AIM OF THE TASK: Set down the data below word for word, and leave the images aside.

DATASET EXTRACT:
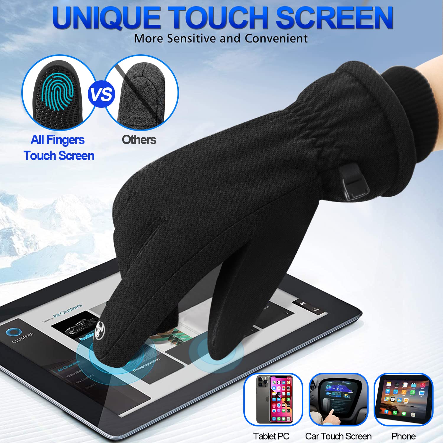 - Sensitive touchscreen: Five fingertips with touchscreen sensitivity. The touchscreen gloves are coated with conductive material, maximise dexterity and thermal performance. You can operate your iPhone, smartphone, smart watch and send messages and type flexibly without having to take off the warm gloves.
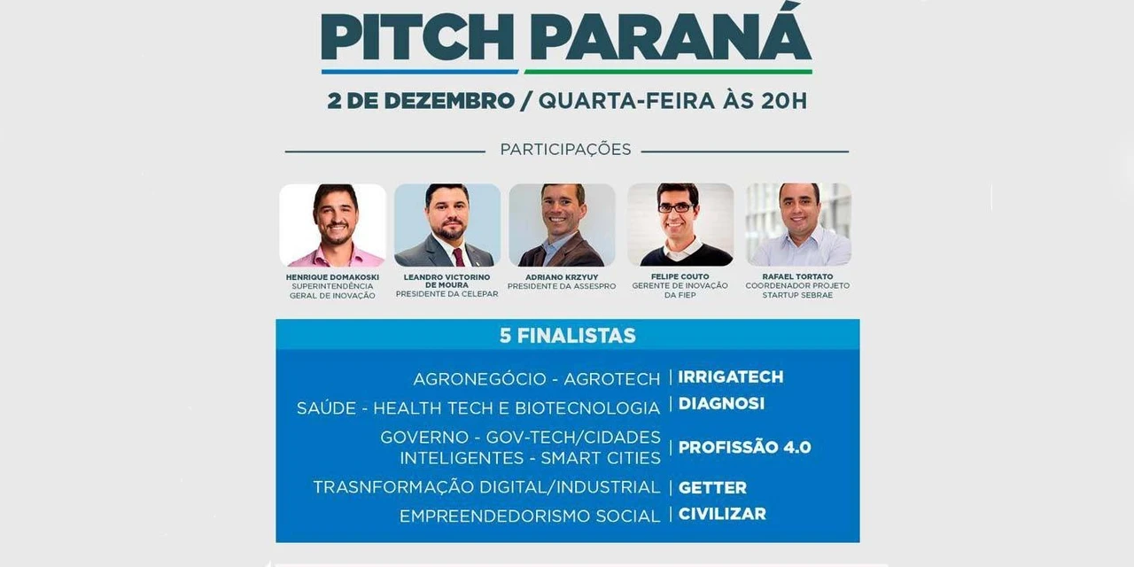 Após cinco rodadas de apresentações de soluções inovadoras que contribuam para o desenvolvimento estadual, a startup vencedora do Pitch Paraná será conhecida nesta quarta-feira (02). Estão na disputa IrrigaTech, finalista na categoria Agronegócio; Diagnosi, da área de Saúde e Biotecnologia; Profissão 4.0, de Governo e Cidades Digitais; Getter, na categoria Indústria 40; e Civilizar, vencedora tema Empreendedorismo Social.
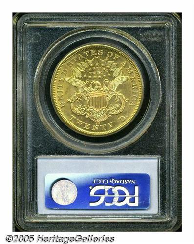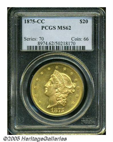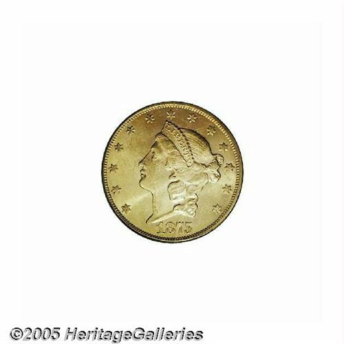 <B>1875-CC<$20> MS62 PCGS.</B></I> The third most common CC-mint Double Eagle, the 1875-CC is, however, a conditionally elusive issue. This coin's moderately abraded, yet lustrous surfaces are difficult to beat in today's market. The color is original yellow-gold in shade.
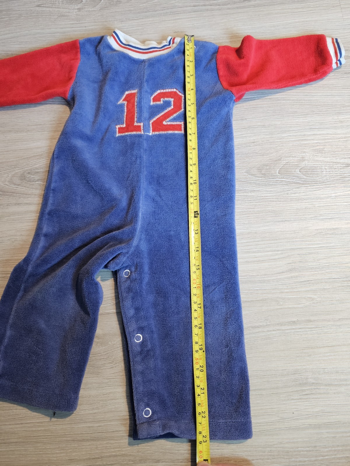 Vintage Healthtex 12 Boys 18mo Blue Velour Romper Outfit
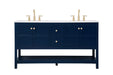The subtle beauty of the Theo collection 60" vanity in a blue finish exudes comfortable luxury. Its modern, yet traditional beauty will surely dress up your bathroom or powder room without any fuss. The white stone countertop and porcelain undermount sink shows quiet opulence, and the legs support upright without fail. Gold hardware complements the trendy blue finish, with pulls adorning the four cabinet doors and two drawers, showcasing ample storage space within. Slated shelf allows for additional space to organize your towels. Whether this vanity is in your bathroom or for guests, its presence will surely elevate the aesthetics of your room.
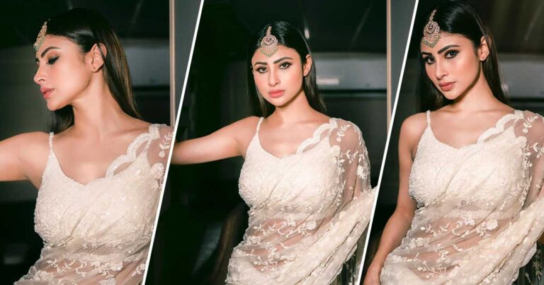 Mouni Roy is the belle of the ball who never fails to mesmerize viewers with her enchanting looks. Always raising the fashion bar high, be it ethnic or modern, the Bengali beauty is known for making hearts skip a beat. The festive season is here, and we cannot wait to put our best traditional foot forward. If you are someone who is not a big fan of vibrant colors and want to hop on to the ongoing minimalistic trend with neutral colors, this might be the fit for you. Scroll ahead as we decipher Mouni’s look for you.

SOLUTION FOR THIS TASK:
 - Sensitive touchscreen: Five fingertips with touchscreen sensitivity. The touchscreen gloves are coated with conductive material, maximise dexterity and thermal performance. You can operate your iPhone, smartphone, smart watch and send messages and type flexibly without having to take off the warm gloves.
 Após cinco rodadas de apresentações de soluções inovadoras que contribuam para o desenvolvimento estadual, a startup vencedora do Pitch Paraná será conhecida nesta quarta-feira (02). Estão na disputa IrrigaTech, finalista na categoria Agronegócio; Diagnosi, da área de Saúde e Biotecnologia; Profissão 4.0, de Governo e Cidades Digitais; Getter, na categoria Indústria 40; e Civilizar, vencedora tema Empreendedorismo Social.
 <B>1875-CC<$20> MS62 PCGS.</B></I> The third most common CC-mint Double Eagle, the 1875-CC is, however, a conditionally elusive issue. This coin's moderately abraded, yet lustrous surfaces are difficult to beat in today's market. The color is original yellow-gold in shade.
 Vintage Healthtex 12 Boys 18mo Blue Velour Romper Outfit
The subtle beauty of the Theo collection 60" vanity in a blue finish exudes comfortable luxury. Its modern, yet traditional beauty will surely dress up your bathroom or powder room without any fuss. The white stone countertop and porcelain undermount sink shows quiet opulence, and the legs support upright without fail. Gold hardware complements the trendy blue finish, with pulls adorning the four cabinet doors and two drawers, showcasing ample storage space within. Slated shelf allows for additional space to organize your towels. Whether this vanity is in your bathroom or for guests, its presence will surely elevate the aesthetics of your room.
 Mouni Roy is the belle of the ball who never fails to mesmerize viewers with her enchanting looks. Always raising the fashion bar high, be it ethnic or modern, the Bengali beauty is known for making hearts skip a beat. The festive season is here, and we cannot wait to put our best traditional foot forward. If you are someone who is not a big fan of vibrant colors and want to hop on to the ongoing minimalistic trend with neutral colors, this might be the fit for you. Scroll ahead as we decipher Mouni’s look for you.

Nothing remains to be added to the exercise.